In all but two studies (Meyer, 2002; I.-B. Smith, 2015), there was greater variability in standard scores between participants at follow-up than at baseline, evidenced by wider CIs around the mean at outcome. Participants in Freeman (2010), Ben Itzchak cohort, Sullivan (2010), Landa (2012), T. Smith (2015), Flanagan (2012) and Blacklock (2013) received an intensive behaviour intervention.
Combining the results of the 14 studies in a random effects meta-analysis, there was an estimated overall increase of 4.0 units on the VABS scale observed in a study over time (95% CI 0.8, 7.4; I2 82.1%; df 13; p = 0.016). There was substantial heterogeneity between studies. Moderator analyses were conducted using meta-regressions in an attempt to explain between study variability in adaptive language outcomes. None of the study-level covariates including VABS score at baseline (β = 0.0611, SE = 0.128, p = 0.185), age (β = 0.366, SE = 0.9334, p = 0.344), length of follow-up (β = −0.529, SE = 1.64, p = 0.667) and reported average IQ (<70 or > 70; β = −1.04, SE = 4.573, p = 0.561) provided any insight into the observed heterogeneity in adaptive language outcomes.

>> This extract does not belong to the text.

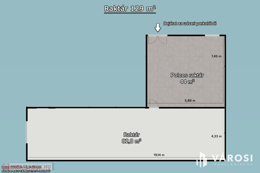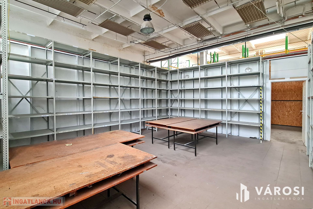 Az össz. terület 129 m2, amiből le lett választva 1db nagyobb raktár és 1 db polcos raktár. Amennyiben nincs szükség a polcokra, anélkül is bérbe vehető.
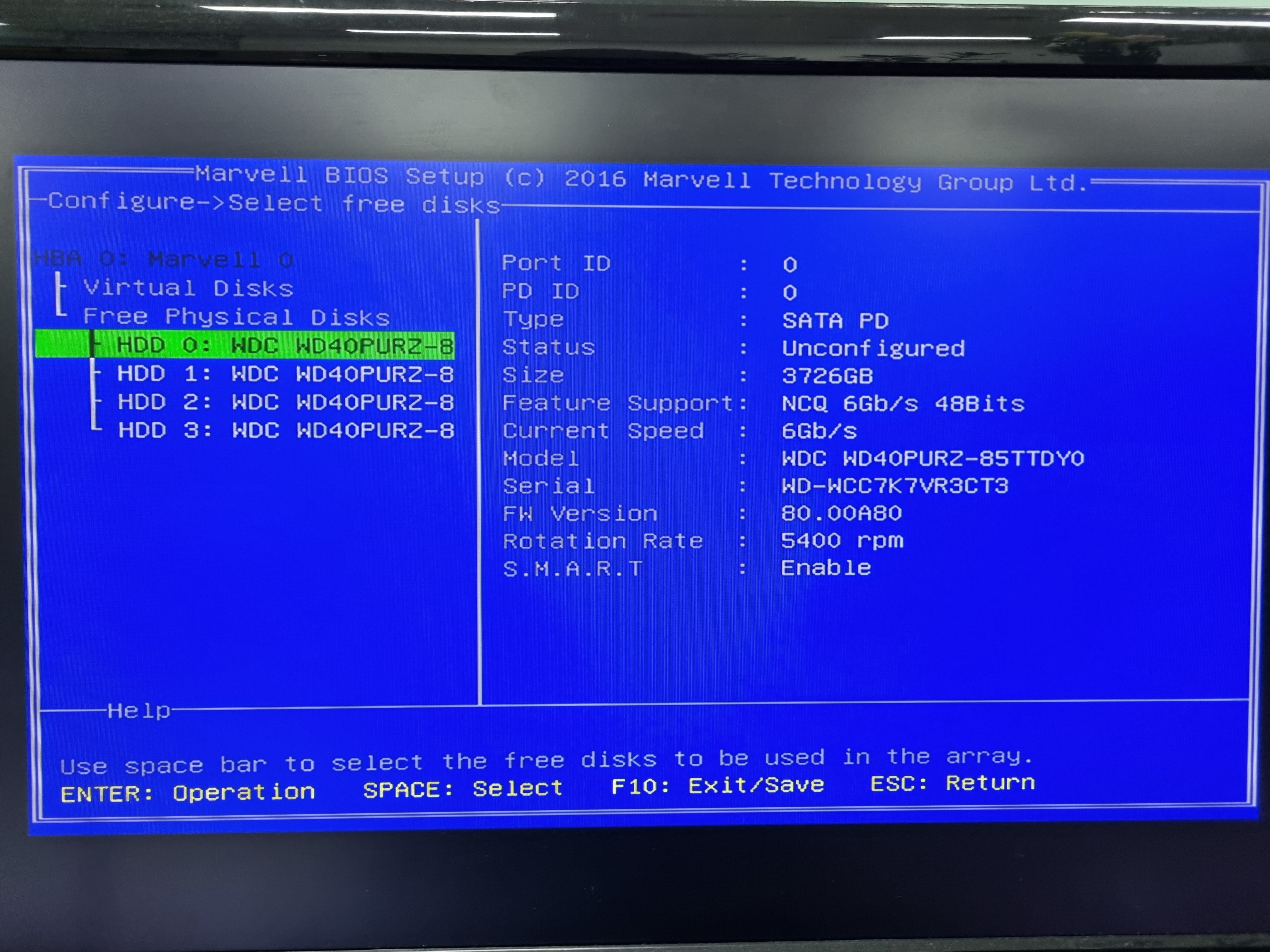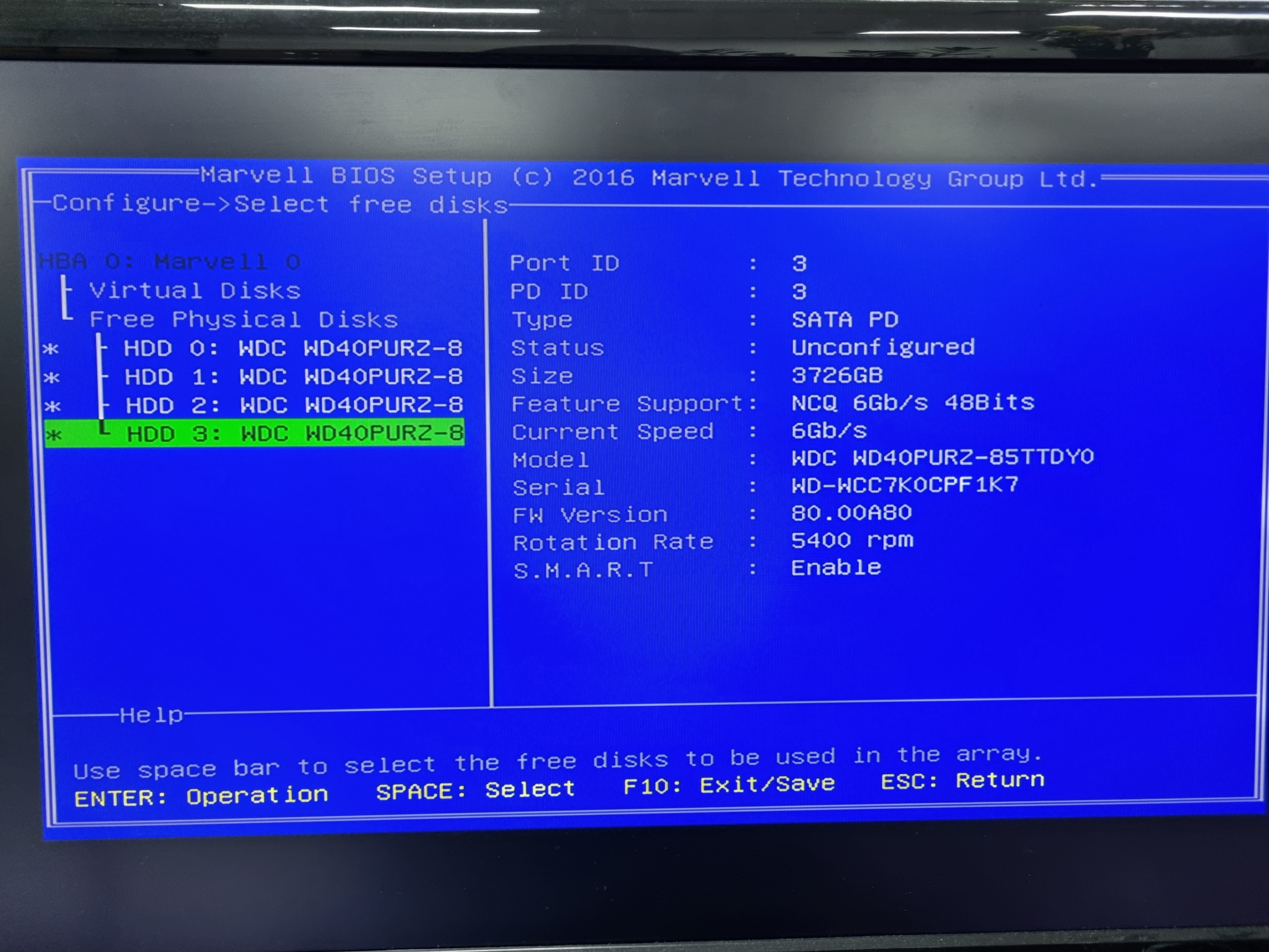 6. 레이드 구성할 하드를 SPACE로 선택 후 엔터

Change in age-equivalent scores: One study presented age-equivalents on the VABS for the communication scale. Children were followed from 3.6 years of age for two years and gained 0.73 age-equivalence points per month (Munson-Toth). Two studies provided age-equivalents on the VABS split into receptive and expressive communication. In one study, children were aged 1.8 years at baseline and gained 1.85 years in expressive communication and 1.92 years in receptive communication over 2.5 years (Paul, 2008). In the other study that contained some children without ASD, children gained 6.9 years in receptive communication and 6.7 years in expressive communication over 17 years (Anderson–Lord cohort). This was the only study that followed children into adulthood using the VABS.
Five studies did not provide communication subscale scores from the VABS (Green, 2014; Mosconi, 2009; Stockholm cohort; Pathways cohort), meaning data could not be extracted. In the aforementioned cases where data was reportedly collected, but not presented, we contacted authors but were not successful in receiving these data.
Expressive vocabulary
Change in raw scores: Three studies reported raw data on parent-reported expressive vocabulary using the CDI (Oosterling, 2010; Bopp cohort; Woynaroski-Yoder cohort). The number of words gained from baseline to follow-up ranged from 35 to 76 over 1.25 years in one study (Oosterling, 2010). In one study, an average of 58 words was gained over 4.41 years (Bopp cohort) and in another study (Yoder-Woynaroski cohort), 73 words were gained over 1.3 years (Online Appendix E). Authors of one study were contacted but were not able to provide results from both time points, although this information had been collected (Miniscalco, 2014).
Presence or absence of verbal language and phrase language
Verbal language
Eighteen studies reported on the presence of verbal language (nonverbal or verbal) at outcome (Bagley, 1989; Ballaban-Gil, 1996; Carbonnel-Chabas, 2009; Eaves, 1996; Freeman cohort; Howlin et al., 2004; Knorring, 1992; Kobayashi, 1992; Pry, 2011; Sigman & McGovern, 2005; Bennett-Starr cohort; Takeda, 2005; Anderson–Lord cohort; Wolf, 1986; Baghdadli-Darrou cohort; Mazurek-Wodka cohort; Stockholm cohort). Of these studies, four followed the children into adulthood (Ballaban-Gil, 1996; Howlin et al., 2004; Kobayashi, 1992; Wolf, 1986) and three were population-based (Knorring, 1992; Pry, 2011; Stockholm cohort). As before, we included studies reporting on ‘minimally verbal’ and ‘nonverbal’ children. We have graphed studies (n = 12) that report both baseline and follow-up data. Seven studies included children aged five years and under at baseline and five studies children over five years at baseline (Figure 5(a,b)). The proportion of children who were verbal at baseline ranged from 40% to 70% and at follow-up 66% to 91%. For children over five years, the proportion of children verbal at baseline ranged from 23% to 80% and at follow-up 55% to 88%. Nineteen to thirty percent of children aged five years and under gained verbal language. For children aged over five years 5–32% gained verbal language over the course of study.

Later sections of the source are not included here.